The short answer is yes…if your business is located in Nevada (or Delaware).

Otherwise, your best bet is to form your business entity in the state where your business operates and you live.

There are many myths about forming Nevada LLCs and corporations. One such myth is that you can avoid paying income tax by incorporating in Nevada. Repeat after me: “there is no (legal) way to avoid income tax except by earning no income”.

Another myth is that you can hide your assets from your creditors (including ex-spouses and bankruptcy trustees) by forming a Nevada corporation and handing bearer shares in the corporation to an accomplice.

Needless to say, these techniques don’t work. Bad things happen when you try to cheat the IRS or a bankruptcy judge.
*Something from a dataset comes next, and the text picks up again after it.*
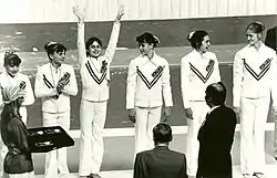 Medal ceremony for the Romanian National Team at the Montreal 1976 Summer Olympics.

In many cases, it’s unnecessary. Most people, if they used the tax rules to their fullest, would save more money than they do already. It is not necessary to cheat to lower your tax bill.
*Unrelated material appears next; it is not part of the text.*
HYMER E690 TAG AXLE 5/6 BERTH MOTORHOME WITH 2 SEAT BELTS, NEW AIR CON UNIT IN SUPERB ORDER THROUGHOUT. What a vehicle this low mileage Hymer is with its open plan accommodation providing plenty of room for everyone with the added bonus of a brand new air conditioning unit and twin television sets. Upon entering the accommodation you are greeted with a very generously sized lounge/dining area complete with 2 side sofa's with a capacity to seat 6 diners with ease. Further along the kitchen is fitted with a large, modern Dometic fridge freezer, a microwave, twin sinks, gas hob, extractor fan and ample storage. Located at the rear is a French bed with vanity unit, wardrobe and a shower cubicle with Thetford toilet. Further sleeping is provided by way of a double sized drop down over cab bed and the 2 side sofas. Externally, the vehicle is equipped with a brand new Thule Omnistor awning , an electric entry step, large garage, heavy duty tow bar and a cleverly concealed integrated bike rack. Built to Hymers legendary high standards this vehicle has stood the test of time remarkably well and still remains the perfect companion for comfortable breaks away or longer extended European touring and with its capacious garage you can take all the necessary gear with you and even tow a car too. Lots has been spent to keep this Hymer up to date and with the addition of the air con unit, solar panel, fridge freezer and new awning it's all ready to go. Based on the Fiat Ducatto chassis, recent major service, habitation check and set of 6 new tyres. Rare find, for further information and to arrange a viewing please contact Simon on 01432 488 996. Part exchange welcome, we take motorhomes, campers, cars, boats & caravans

Costs of Nevada and Delaware LLCs

Ok, so say you don’t want to cheat the taxman or creditors…are Nevada or Delaware LLCs nonetheless cheaper to form and operate compared to other states?
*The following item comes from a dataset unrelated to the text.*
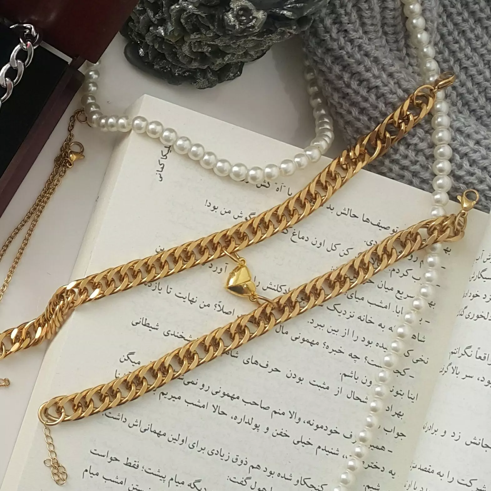 دستبند کارتیر دوبل استیل رنگ ثابت که با قفل مگنتی قلبی شکل بهم وصل میشن و کاری فوق العاده عاشقانه و زیبا هستش

Each state charges a different fee for forming a limited liability company.

In addition, some states also require that each LLC file an annual report and pay an annual fee for the privilege of doing so.

The states with the highest formation fees do not necessarily charge the highest annual fees.

Therefore, to best compare the cost of forming an LLC, this site uses a “total cost of ownership” approach which adds up the entire cost of having an LLC in a specific state for 5 years.

Delaware and Nevada are both aware of their popularity as destinations for the formation of corporate entities–and they charge fees accordingly.

Delaware charges a $300 annual reporting fee while Nevada charges $150.

In contrast, there are 28 states that charge less than $100 annual reporting fees, and 8 states that charge no annual LLC reporting fee.